Kalibaf 2017 Cumhurbaşkanlığı Seçimlerinde Reisi lehine seçimlerden çekilmiş ve Reisi, seçimleri Ruhani’ye karşı kaybetmişti. 2021 Cumhurbaşkanlığı Seçimlerinde de Reisi’nin adaylığı için son güne kadar beklemişti. Reisi’nin aday olmaması durumunda muhafazakâr cenahın en güçlü adayı olarak seçimlere girmesi ve kazanması çok yüksek ihtimaldi. Bütün bunlara rağmen Reisi, cumhurbaşkanı seçildikten sonra Kalibaf’a yakın isimlere kabinede yer vermemiş hatta Tahran Belediye Meclisinde Kalibaf’ın adamları çoğunlukta olmasına rağmen Reisi’ye yakın olan Zakani başkanlığa getirilmişti.

Esasen Kalibaf’ın Meclis Başkanlığına karşı olduğu kadar Reisi’ye açık desteğine rağmen kabinede kendisine yer bulamayan ve Mecliste hükûmeti en sert eleştiren grup Direniş Cephesidir. Direniş Cephesi hem iç politika hem dış politika (özellikle nükleer müzakereler) konusunda hükûmete ciddi eleştirilerde bulunmaktadır. Nili’nin basına servis ettiği Türkiye ziyareti, Direniş Cephesinin eleştirilerini ve tepkilerini Kalibaf’a kanalize etme çabası olarak da değerlendirilebilir.
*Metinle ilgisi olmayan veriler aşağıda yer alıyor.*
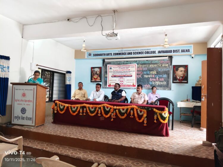 सिद्धार्थ महाविद्यालय, जाफ्राबाद येथे दि. 11 ऑक्टोंबर, 2025 रोजी वाणिज्य विभाग आणि महाराष्ट्र राज्य सहकारी संघ म. पुणे अंतर्गत जिल्हा सहकारी बोर्ड म. जालना यांच्या संयुक्त विद्यमाने “आंतरराष्ट्रीय सहकारी वर्ष 2025” निमित्त जिल्हास्तरीय वक्तृत्व स्पर्धेचे आयोजन मोठ्या उत्साहात करण्यात आले होते.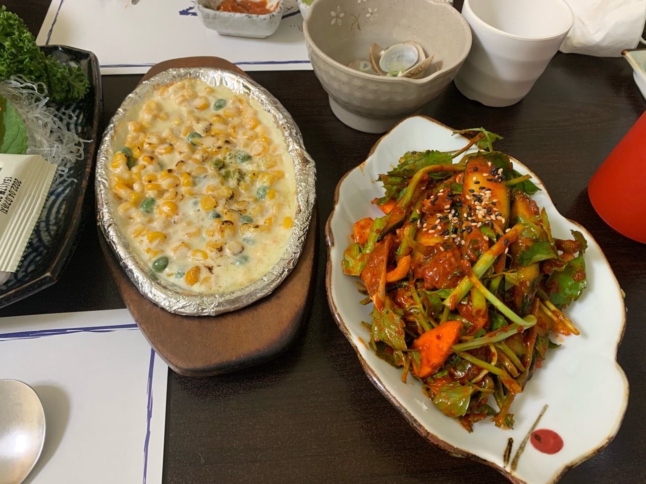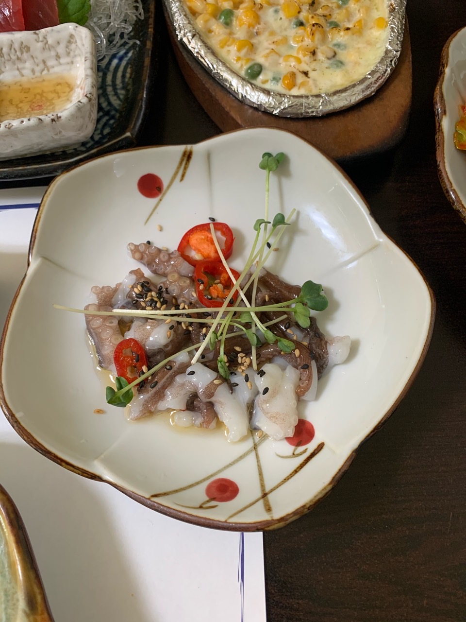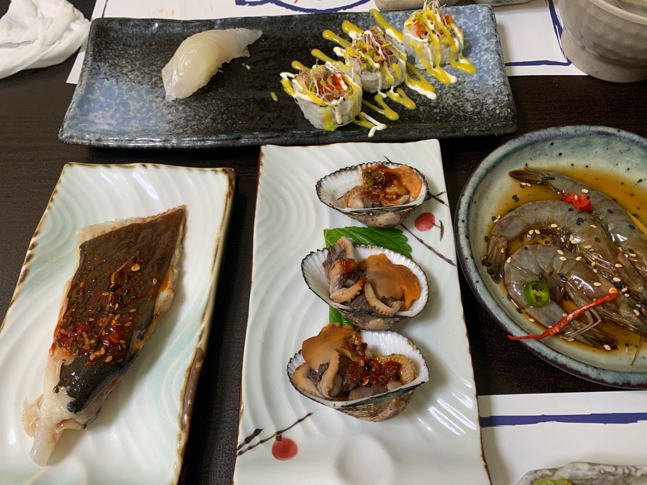 세명이서 B코스(45,000원) 3인을 시켰습니다. 기본적으로 나오는 반찬이 옥수수콘, 초밥, 롤, 가오리찜, 전어무침, 참치, 새우, 꼬막, 산낙지 등이 나왔어요 ~

Ayrıca Reisi’nin birçok milletvekili üzerindeki nüfuzu da göz ardı edilmemelidir. Reisi, Meclis Başkanlığı sürecinde Direniş Cephesinin adayına desteğini ima ederse Direniş Cephesinin Meclis başkanlığı için şansı artabilir. Ancak Hamenei’nin Kalibaf’a desteği devam ettiği sürece bu makamda Kalibaf’ın kalacağı kesindir.

Türkiye’ye Dönük İddialar

Taib ses kaydında Türkiye’ye dair birtakım değerlendirmelerde bulunmaktadır. Değerlendirmeleri bir hayli yüzeysel kalan Taib, “Türkiye, lafa gelince vururuz ederiz sözlerinden sonra kendi kontrolündeki İdlib’de filan hattın gerisine çekilin dediğimizde geri çekilmektedir.” derken ortama uygun konuşmaktadır. Irak’ta ise “Türkler yoktur biz varız.” gibi sözleri de gerçeği yansıtmamaktadır. Zira Türkiye’nin Irak’ta artan varlığı İran’ı günden güne daha fazla rahatsız etmektedir. Taib, “Enerjide dışa bağımlı olan Türkiye’nin savaş durumunda limanlarının vurulması hâlinde tanklarının yakıtsız kalacağını” ileri sürmektedir. Askerî ve enerji konularında bilgi ve analiz düzeyi bir hayli düşük olan Taib’in bu hususları çok basite indirgediği görülmektedir. Irak’ta seçimlerden bu yana bir hayli köşeye sıkışmış olan ve 2003’ten bu yana ABD ile oyun kurucu olan İran artık bu avantajını yitirmiş durumdadır. Türkiye’nin gerek Irak merkezî hükûmeti gerek Bölgesel Kürt Yönetimi ile geliştirdiği yakın ilişkilerin yanı sıra terörle mücadele kapsamında Kuzey Irak’ta konuşlanmasından da oldukça rahatsızlık duyan Tahran’ın, Haşdi Şabi’nin içerisindeki kendisine yakın radikal unsurlar üzerinden Türk askerî üslerine roket saldırılarında bulunduğu bir gerçektir. Bu durum aslında Tahran’ın bölgesel anlamda ne kadar köşeye sıkıştığının da göstergesidir.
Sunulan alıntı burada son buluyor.